TL;DR: Secrets management means keeping your API keys, database passwords, and tokens out of your source code. Use .env files to store secrets locally, add .env to your .gitignore so they never get committed, and access them through process.env in your code. If you've already committed a secret, revoke it immediately and generate a new one — removing it from your code isn't enough because Git remembers everything. This is one of the most common mistakes AI makes, and one of the easiest to fix once you know the pattern.
Why AI Coders Need to Know About Secrets
Here's something that happens every single day in the vibe coding world: someone asks Claude or ChatGPT to build an app, gets working code back, pushes it to GitHub, and within minutes their Stripe API key is compromised. Their OpenAI key starts racking up charges. Their database is wide open.
This isn't a hypothetical. GitGuardian's 2024 report found 12.8 million new secrets exposed in public GitHub repositories in a single year. Automated bots scan every public commit, looking for patterns that match API keys, passwords, and tokens. When they find one, it gets exploited — often within minutes.
The reason this hits vibe coders especially hard is that AI coding tools almost always hardcode secrets by default. When you ask Claude to connect your app to a database, it writes the password directly into the code. When you ask it to add Stripe payments, the secret key goes right in the source file. The code works perfectly — and it's also a security disaster waiting to happen.
Secrets management is the system that prevents this. It's not complicated. It's not something you need a security degree for. It's a pattern — a way of organizing your project so that sensitive credentials stay on your machine (or your server) and never, ever end up in your Git history.

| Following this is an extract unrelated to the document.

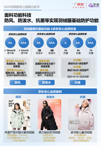 白皮书详细介绍了产品的面料与工艺特点包括具有防风、防水等多种功能的高级科技如防油防污、抗菌和耐用性能良好的产品等。同时,京东安心品质标准也对这些高科技产品进行了详细分级比如在防风性能上透气率≤5mm/s的产品是AAA级产品可以有效阻止冷风侵入;而钻绒优等产品的每平方米钻绒根数不超过40根。

AI writes code that works. It doesn't write code that's safe to share. Every time AI generates a connection string, an API key usage, or a password — check whether it hardcoded the value or used an environment variable. This single habit will save you from the most common security breach in AI-generated code.

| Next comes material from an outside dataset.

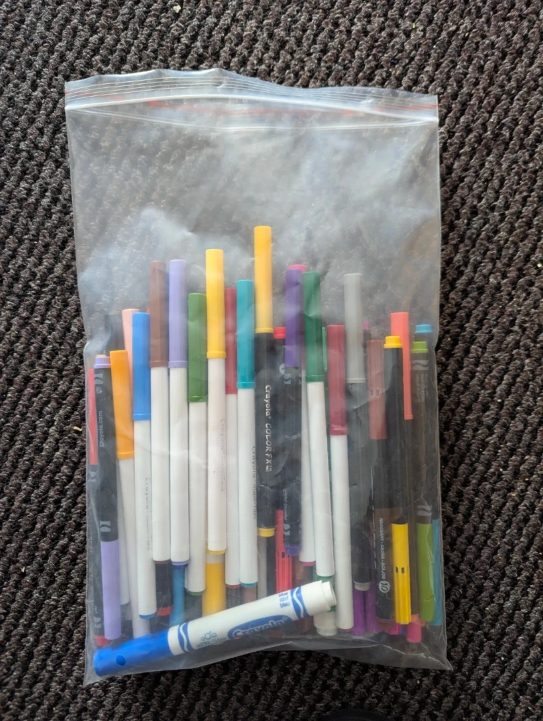 This is a large bag of assorted Crayola markers. They're great for drawing and colouring! Comes in a variety of colours.

Real Scenario: You Asked AI to Add Stripe Payments
You're building a SaaS app with AI. Things are going great — you've got a landing page, user auth, a dashboard. Now you need to accept payments. You give your AI this prompt:
Add Stripe payment processing to my Node.js Express app. I need a checkout endpoint that creates a Stripe session for a $29/month subscription, and a webhook endpoint that listens for successful payments and updates the user's subscription status in my PostgreSQL database.

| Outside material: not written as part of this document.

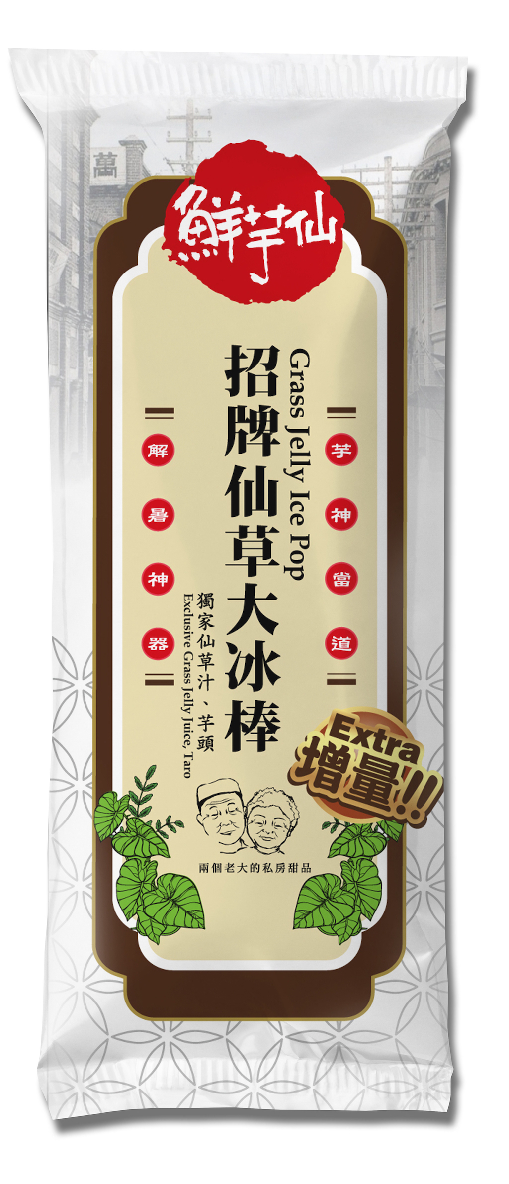 ▼仙草控和芋頭控可以試試「鮮芋仙招牌仙草大冰棒」(售價35元),芋頭水冰外皮搭上內層仙草汁冰淇淋,QQ的芋頭寒天包覆其中,每口都大滿足!

Your AI generates clean, functional code. The checkout flow works. The webhook fires. Users can subscribe. You commit everything, push to GitHub, and deploy. Life is good.
Except buried in that working code are your Stripe secret key, your database password, and your webhook signing secret — all hardcoded as plain text strings. And now they're in your Git history forever.
What AI Generated (And What's Wrong With It)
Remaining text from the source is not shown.